Acresce que o Recorrente parece esquecer que nos termos do n.º 2 do art. 31.º do CIRS a variação de produção está excluída dos restantes rendimentos.
Vejamos o que se diz na sentença recorrida sobre esta questão:
(…)
Verifica-se, assim, que os rendimentos apurados na ação inspetiva foram enquadrados pela AT sendo decorrentes de vendas - o que não é posto em causa pelo Impugnante -, pelo que, nessa conformidade, não lhes seria de aplicar o limite consagrado na alínea b) do n.º 2 do artigo 28.º, para efeitos do enquadramento no regime simplificado de tributação, porque não estão em causa prestações de serviços ou outros rendimentos, mas antes o limite consagrado na alínea a), uma vez que se tratam efetivamente de rendimentos derivados da venda de imóveis.

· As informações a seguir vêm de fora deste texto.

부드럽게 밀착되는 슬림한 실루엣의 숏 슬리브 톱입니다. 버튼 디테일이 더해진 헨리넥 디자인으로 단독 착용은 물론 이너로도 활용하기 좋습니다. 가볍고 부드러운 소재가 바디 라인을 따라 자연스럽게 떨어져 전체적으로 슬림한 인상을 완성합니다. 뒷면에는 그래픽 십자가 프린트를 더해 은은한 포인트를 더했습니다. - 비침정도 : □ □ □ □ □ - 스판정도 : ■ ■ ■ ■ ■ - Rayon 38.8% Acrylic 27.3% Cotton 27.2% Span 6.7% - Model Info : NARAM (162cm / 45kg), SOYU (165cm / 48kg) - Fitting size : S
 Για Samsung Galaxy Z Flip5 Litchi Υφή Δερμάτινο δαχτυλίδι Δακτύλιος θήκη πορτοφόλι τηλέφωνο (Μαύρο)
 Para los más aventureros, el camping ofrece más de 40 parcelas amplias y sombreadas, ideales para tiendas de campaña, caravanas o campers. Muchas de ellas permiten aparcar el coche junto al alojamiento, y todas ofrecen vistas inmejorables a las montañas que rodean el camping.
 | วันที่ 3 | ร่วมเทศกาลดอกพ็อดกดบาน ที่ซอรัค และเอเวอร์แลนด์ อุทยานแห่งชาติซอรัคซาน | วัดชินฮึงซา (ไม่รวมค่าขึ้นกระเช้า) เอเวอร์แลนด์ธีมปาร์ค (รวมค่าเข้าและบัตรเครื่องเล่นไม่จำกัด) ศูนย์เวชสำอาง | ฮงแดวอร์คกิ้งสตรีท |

Por conseguinte, não há que considerar, para efeitos da aferição da ultrapassagem do limite da referida alínea a), a “variação de produção”, mas apenas o “volume de vendas” (de mercadorias e produtos), como expressamente resulta da citada alínea.
Aliás, em termos contabilísticos, as “vendas de mercadorias e produtos” (conta POC 71), as “prestações de serviços” (Conta POC 72) e a “Variação da produção” [diferença algébrica entre as existências finais e iniciais de “produtos acabados e intermédios” (conta POC 33), “subprodutos, desperdícios, resíduos e refugos” (conta POC 34) e “produtos em trabalhos em curso” (conta POC 35), tomando ainda em consideração o movimento registado em “regularização de existências” (conta POC 38)] correspondem a rubricas distintas dos proveitos e ganhos incluídos na demonstração de resultados.

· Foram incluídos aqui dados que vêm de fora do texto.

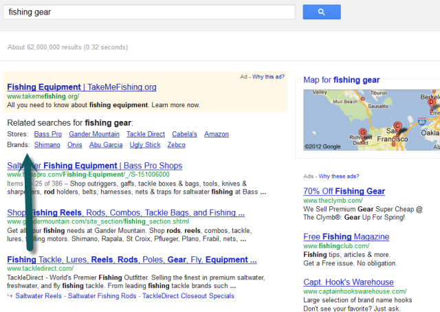 If you search for "fishing gear" and then click their Bass Shop refinement link in the search results, you are thus directly creating that search funnels relevancy "signal." Even if you don't click on that link the exposure to the term may make you remember it and search for it later.
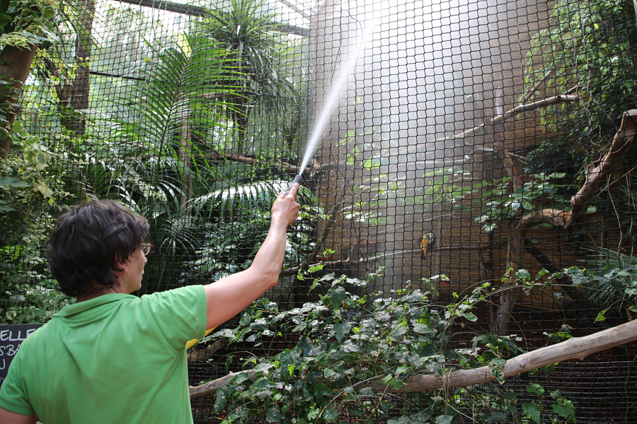 7月18日,在比利時布呂熱萊特市天堂動物園,工作人員使用噴水裝置為巨嘴鳥降溫。
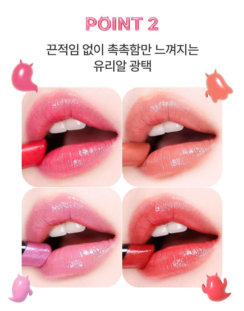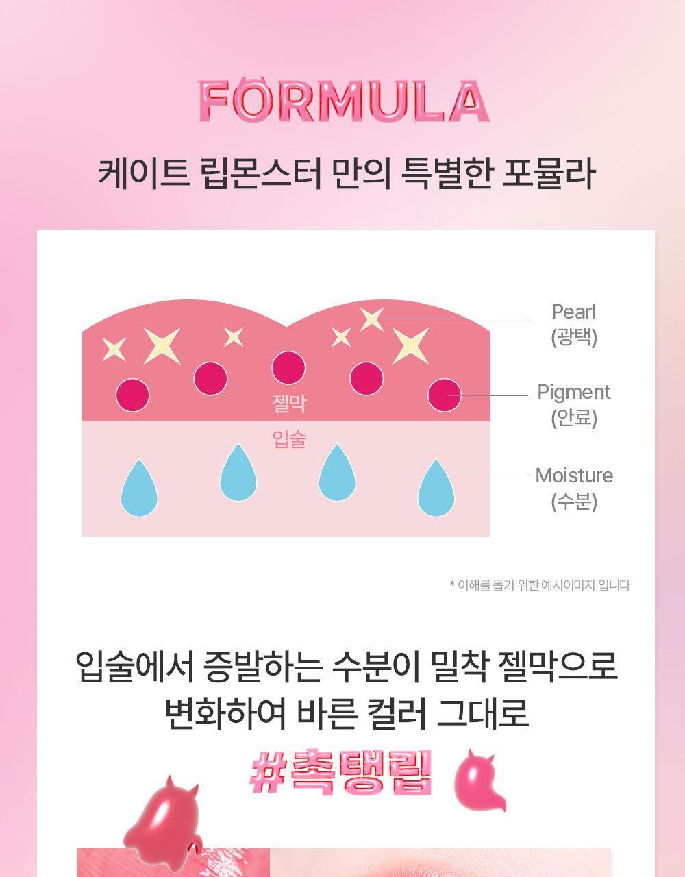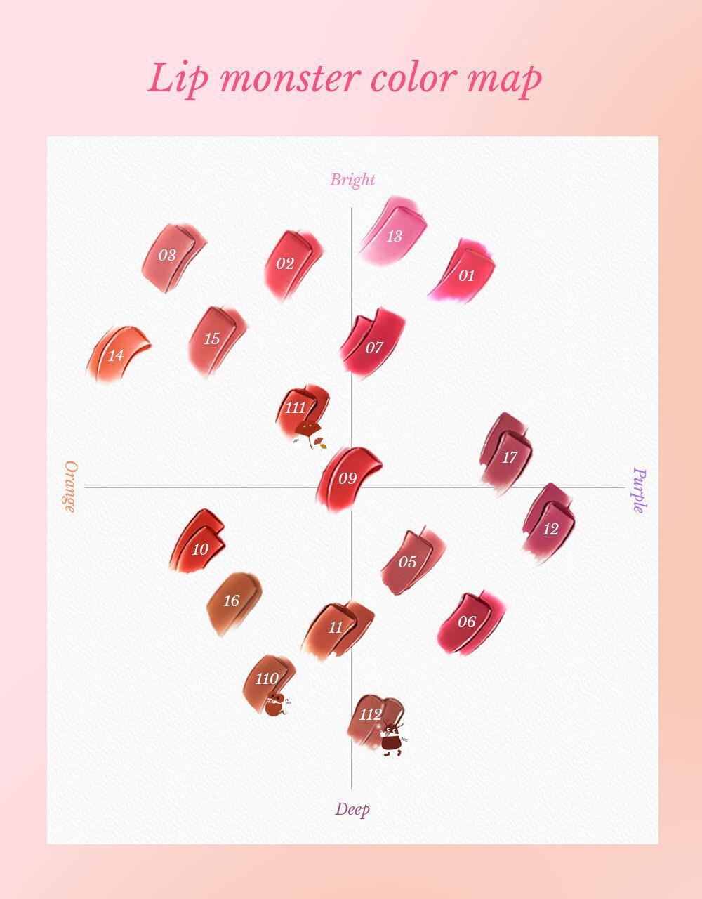 Ranked 1st place in the overall makeup category. The total number of shipments in Japan reached 15 million. A soft texture that melts like heated butter in a bowl. It provides a moist, non-sticky feeling and a glossy glass-like shine. It shows a seamless color that deepens transparently like the original color. The unique formula of Lip Monster transforms moisture evaporating from the lips into a tight gel membrane.

Ora, tendo presente que, nos termos dessa alínea a) do n.º 2 do art. 28.º do Código do IRS, podem ficar abrangidos pelo regime simplificado os sujeitos passivos que, no período de tributação imediatamente anterior, não tenham ultrapassado um volume de vendas no montante de € 149.739,37 e que os proveitos (vendas) obtidos em 2002 (ano anterior) ascenderam a €82.978,73, sendo a quota parte do Impugnante, constituída por 1/3, de €27.659,58 (cfr. o ponto 4.2 do Relatório de inspeção tributária, vertido no item 6) do probatório), não temos dúvidas de que não foi, nesse ano, ultrapassado o limite do volume de vendas, que levaria ao enquadramento no Impugnante no regime da contabilidade organizada no ano de 2003.
(…)
Ora, não se vislumbra motivo para divergir do decidido na sentença, na qual foi feita uma correta interpretação e aplicação do regime aplicável.

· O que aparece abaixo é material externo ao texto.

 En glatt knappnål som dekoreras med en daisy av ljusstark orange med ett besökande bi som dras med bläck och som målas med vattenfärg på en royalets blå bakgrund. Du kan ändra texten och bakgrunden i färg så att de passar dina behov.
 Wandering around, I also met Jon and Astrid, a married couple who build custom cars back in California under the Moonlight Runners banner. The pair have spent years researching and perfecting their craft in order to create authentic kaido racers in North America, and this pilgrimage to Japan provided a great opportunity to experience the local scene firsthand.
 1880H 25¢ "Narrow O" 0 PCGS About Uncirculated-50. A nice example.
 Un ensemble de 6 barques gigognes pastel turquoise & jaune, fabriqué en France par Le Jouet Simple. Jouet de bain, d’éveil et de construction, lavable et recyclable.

Assim sendo, e em face do exposto, há que concluir que o presente recurso deve ser julgado totalmente improcedente.
Atendendo ao seu total decaimento no presente recurso, o Recorrente é condenada em custas [cf. art. 527.º, n.ºs 1 e 2 do CPC, aplicável ex vi art. 2.º, alínea e) do CPPT].
Conclusão:
Preparando a decisão, formulamos a seguinte síntese conclusiva:
O art. 28.º do CIRS consagrava um regime de opção pela contabilidade organizada e não, inversamente, pelo regime simplificado. Assim sendo, para os sujeitos passivos que tivessem rendimentos que não excedessem os limites consagrados no n.º 2, o regime-regra era o simplificado, tendo o regime de contabilidade organizada aplicação no caso de haver uma declaração expressa de opção nesse sentido pelo sujeito passivo.
III. DECISÃO
Em face do exposto, acordam, em conferência, os juízes da Secção do Contencioso Tributário deste Tribunal Central Administrativo Norte, em negar provimento ao presente recurso, e em consequência, manter a sentença recorrida.
Custas pelo Recorrente.
Porto, 16 de fevereiro de 2023 - Margarida Reis (relatora) – Cláudia Almeida – Paulo Moura.